-- MATERIAL SUPPLIED follows --

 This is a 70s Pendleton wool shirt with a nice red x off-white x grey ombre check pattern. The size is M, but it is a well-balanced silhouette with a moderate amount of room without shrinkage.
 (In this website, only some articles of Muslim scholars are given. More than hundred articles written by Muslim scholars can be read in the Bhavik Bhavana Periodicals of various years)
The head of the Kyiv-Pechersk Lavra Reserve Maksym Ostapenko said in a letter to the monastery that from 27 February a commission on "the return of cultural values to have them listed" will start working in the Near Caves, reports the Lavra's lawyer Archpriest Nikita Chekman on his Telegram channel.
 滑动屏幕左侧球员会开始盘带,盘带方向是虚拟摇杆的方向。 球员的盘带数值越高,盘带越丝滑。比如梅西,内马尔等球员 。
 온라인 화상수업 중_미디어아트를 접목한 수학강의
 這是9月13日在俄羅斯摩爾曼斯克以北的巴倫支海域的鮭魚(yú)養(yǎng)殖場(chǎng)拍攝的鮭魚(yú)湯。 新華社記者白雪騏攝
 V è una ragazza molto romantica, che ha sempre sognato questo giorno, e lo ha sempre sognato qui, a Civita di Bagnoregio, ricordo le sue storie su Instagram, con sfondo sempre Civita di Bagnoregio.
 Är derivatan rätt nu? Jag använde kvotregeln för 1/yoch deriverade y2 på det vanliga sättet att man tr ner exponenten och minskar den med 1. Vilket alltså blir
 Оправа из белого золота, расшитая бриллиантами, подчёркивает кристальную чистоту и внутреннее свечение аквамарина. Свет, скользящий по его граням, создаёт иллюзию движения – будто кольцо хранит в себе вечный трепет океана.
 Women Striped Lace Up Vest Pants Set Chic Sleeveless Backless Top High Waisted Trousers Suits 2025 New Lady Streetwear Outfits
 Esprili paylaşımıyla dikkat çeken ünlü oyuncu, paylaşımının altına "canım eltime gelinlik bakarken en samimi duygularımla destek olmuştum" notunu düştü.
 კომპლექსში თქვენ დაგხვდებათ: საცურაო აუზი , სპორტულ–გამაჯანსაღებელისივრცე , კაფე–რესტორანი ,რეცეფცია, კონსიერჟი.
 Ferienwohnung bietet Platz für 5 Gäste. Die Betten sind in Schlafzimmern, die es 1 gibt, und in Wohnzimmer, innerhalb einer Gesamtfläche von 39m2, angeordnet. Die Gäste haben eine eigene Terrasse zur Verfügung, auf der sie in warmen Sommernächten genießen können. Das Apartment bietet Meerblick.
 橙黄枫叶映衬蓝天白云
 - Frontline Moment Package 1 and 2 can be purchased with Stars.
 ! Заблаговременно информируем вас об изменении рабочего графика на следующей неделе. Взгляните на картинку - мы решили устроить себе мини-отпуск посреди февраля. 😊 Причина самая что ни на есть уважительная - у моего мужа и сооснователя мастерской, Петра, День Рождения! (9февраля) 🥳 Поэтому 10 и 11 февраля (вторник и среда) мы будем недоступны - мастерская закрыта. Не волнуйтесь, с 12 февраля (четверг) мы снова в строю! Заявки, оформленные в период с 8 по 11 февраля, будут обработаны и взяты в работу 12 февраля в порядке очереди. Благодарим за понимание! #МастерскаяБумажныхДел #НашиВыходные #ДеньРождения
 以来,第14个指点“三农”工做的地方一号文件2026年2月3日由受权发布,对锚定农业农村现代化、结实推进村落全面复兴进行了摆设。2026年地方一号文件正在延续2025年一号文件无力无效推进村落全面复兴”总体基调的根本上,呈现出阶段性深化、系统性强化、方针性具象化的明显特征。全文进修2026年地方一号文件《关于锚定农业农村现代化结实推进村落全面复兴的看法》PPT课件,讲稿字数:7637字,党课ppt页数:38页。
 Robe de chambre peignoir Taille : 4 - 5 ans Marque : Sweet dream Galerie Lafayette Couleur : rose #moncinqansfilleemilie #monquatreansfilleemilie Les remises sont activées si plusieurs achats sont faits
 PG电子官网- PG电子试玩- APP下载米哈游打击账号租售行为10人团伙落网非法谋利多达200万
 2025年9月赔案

-- MATERIAL SUPPLIED concluded --

▶ **TO DO**
Nothing but the lines from the one with "PG电子官网- PG电子试玩- APP下载米哈游打击账号租售行为10人团伙落网非法谋利多达200万" to the last line of the data should appear in the answer, each exactly as it stands.

▶ **ANSWER TO THE PROBLEM**
 PG电子官网- PG电子试玩- APP下载米哈游打击账号租售行为10人团伙落网非法谋利多达200万
 2025年9月赔案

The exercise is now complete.